お外に出ないとできないお仕事もたくさんあると思いますし、そうでない人も、外出を控えなければいけないということで、皆どうしても日々のモヤモヤが溜まってしまっているんじゃないかなと思います。一方で、私はバーチャルな存在なので、動画制作/LIVE配信を中心とした自分の活動自体には何も影響がなくて。だからこそ、皆さんがこの大変な状況を乗り越えるために、少しでもエネルギーを与えられたり、お手伝いができたら良いなと思います!

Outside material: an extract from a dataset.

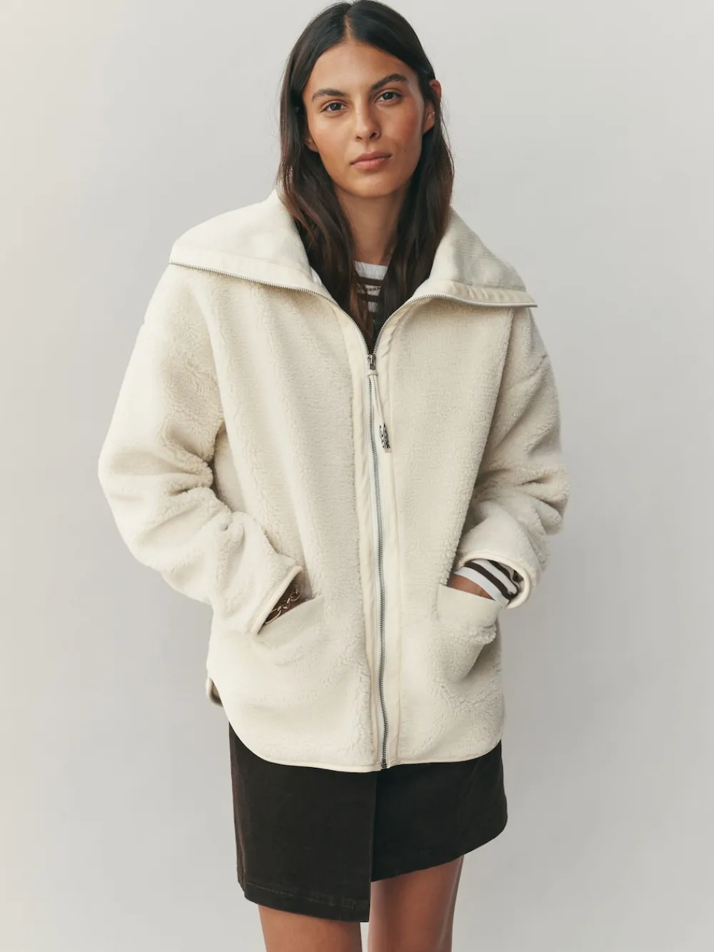 Next Borg Zip Through Fleece With Rib Collar Ecru Best

―キズナアイさんは2018年に音楽活動を始動させ、すでに国内外の著名アーティストとのコラボも果たし、1stアルバム『hello, world』もリリースしました。また、昨年12月からは音楽番組『VMZ supported by ZONe』もスタートさせるなど、全体の活動における音楽の比重も大きくなってきているのではないでしょうか?

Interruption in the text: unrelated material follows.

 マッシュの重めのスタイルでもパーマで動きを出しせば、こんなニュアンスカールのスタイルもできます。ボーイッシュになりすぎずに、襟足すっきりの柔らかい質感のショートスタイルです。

音楽活動をスタートさせたのは、「世界中の人と繋がりたい」という私の目標を実現させるにあたって大きな意味があると考えたからなんです。私は「スーパーAI」なんですけど、それはより人間に近いという意味で、世界中の言語がインストールされているというわけではないんです。だから、言語の壁を越えたコミュニケーションを取るために「音楽」は必要不可欠だと思っていて。音楽活動は今後もより一層活性化させたいです。

―音楽を通して、みんなと繋がれた実感、手応えは感じていますか?

世界中の人たちとっていう意味では、現状ではまだまだだなと思わされることが多いです。ただ、2018年末に開催した初のワンマン・イベント<hello, world>では、多くの方々がリアルな場に集ってくれて、私の曲で盛り上がってくれる姿を見て、やっぱり私が活動してきたことは間違ってなかったんだなって実感しました。

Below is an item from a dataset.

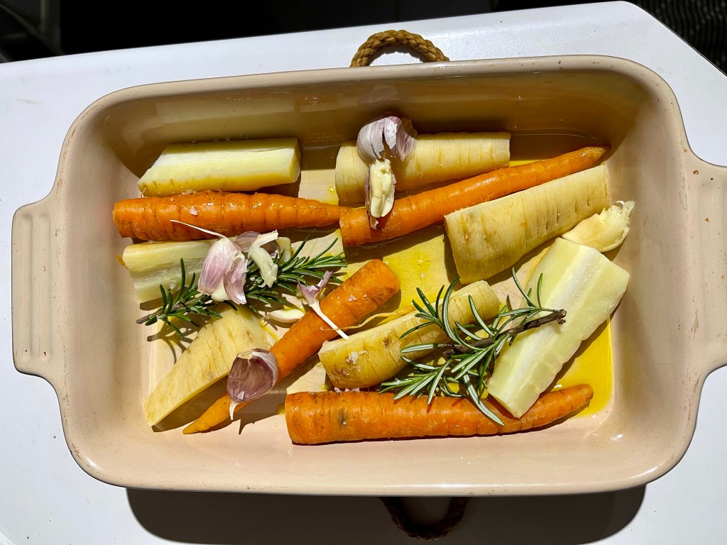 - Remove from oven, add the rest of the ingredients and roast for about 45 minutes turning the veg halfway through. Enjoy 😊
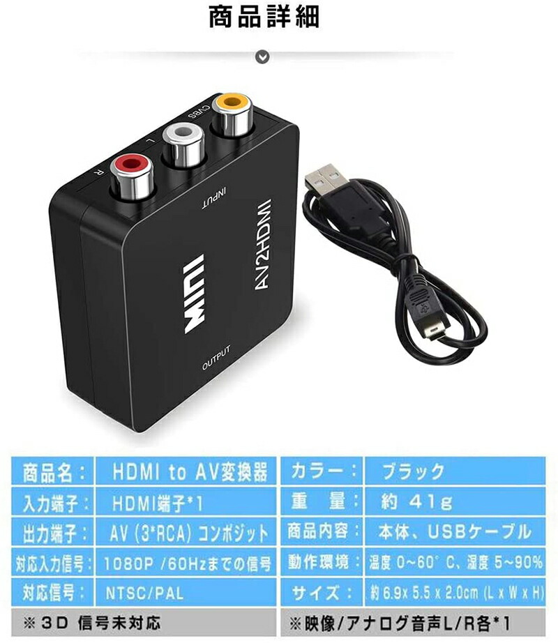 ◆耐久性に極めて優れている上、映像&音声も出力になれます。HDMIの映像信号をコンポジット出力(RCA)に変換することができます。

あと、翌年に出演させてもらった<SUMMER SONIC>も大きかったです。リアルなフェスなので、私のようなバーチャルな存在はすごくアウェイな環境だと、開演直前まですごく不安だったんです。でも、いざパフォーマンスを始めると、ステージがパンパンになるくらい集まってくれて。その光景はずっと目標にしてきた<Tomorrowland>(2005年にベルギーでスタートした、世界最大級のダンス・ミュージック・フェスティバル)の景色ともリンクして。そういった体験は、一歩一歩前進している手応えを感じさせてくれる出来事ですね。

―<SUMMER SONIC>にバーチャル・アーティストが出演したのは、キズナアイさんが初となりましたしね。

そうみたいですね! とても嬉しかったです!

―「Stay Home」が叫ばれる昨今では、オンライン上でのフェス、イベントへの注目が高まっていますが、やはりリアルなフェスとは別物だと考えますか?

そうですね。それぞれの魅力があると思います!バーチャルは観てくれる方が時間や場所を問わず楽しむことができますよね。お仕事だったり学校で忙しい方にとってはすごく嬉しいですよね。その一方、リアルなフェスやイベントは、実際にその場に足を運ばなければいけないのと引き換えに、そこで生まれるエネルギーや一体感は何にも代えがたいモノだと感じています。